Google has a new cloud computing boss and big ambitions to someday produce more revenue from that business than from advertising. Now comes the hard part: winning over big-spending customers.

Alphabet Inc’s cloud computing division remains a distant third behind Amazon.com Inc and Microsoft Corp in terms of global revenue, according to analysts’ estimates. A few major companies manage their data on Google’s servers. But Google has nowhere near the vast customer base of Amazon, according to a new Reuters analysis of company regulatory filings.
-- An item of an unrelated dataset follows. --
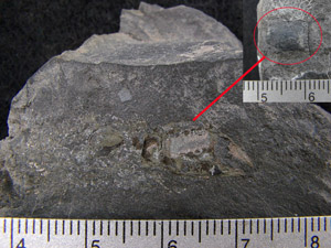 今回はスナモグリのはさみを取り上げます。この化石は瀬林で開催している化石発掘体験地で、平成19年5月の連休の時に参加者の方が見つけたものです。今回は大変珍しいものでしたので、寄贈していただきました。写真右上は平成18年に中里中学校の生徒が見つけたもので、通常はこのようにはさみの可動しない部分しか残りません。 スナモグリはシャコの仲間で現在でも砂や泥がたまるところに生息しています。最近、発掘体験地以外でもスナモグリのはさみが見つかるようになり、かなり広い範囲に生息していたことが分かりました。 さて、平成15年7月から始まったジュラシック・パーツは、今回で50回目を迎えました。この間、エビやカニなどの新種を含むいろいろな化石を紹介しましたが、これらはすべて神流町で産出した化石です。もちろん、神流町にはまだまだ新種化石や見つかっていない化石が埋もれているはずです。 皆さんも自分の中に埋もれている宝を見つけてみませんか?By 恐竜センター(佐藤)

Businesses generally are not required to disclose their cloud vendors. Reuters found 311 out of about 5,000 worldwide that did so in 2018. While not comprehensive, the data provide a window into Google’s challenge.

Thirty five of those companies named Google as a cloud provider. The largest by market capitalization were oil major Total SA and bank HSBC Holdings Plc.

Amazon Web Services led with 227 clients, including travel company Expedia Group Inc and industrials giant Siemens AG. Microsoft’s Azure cloud had 69 firms, among them weapons maker Axon Enterprise Inc and business data firm Dun & Bradstreet Co. Thirty four of the companies cited multiple clouds.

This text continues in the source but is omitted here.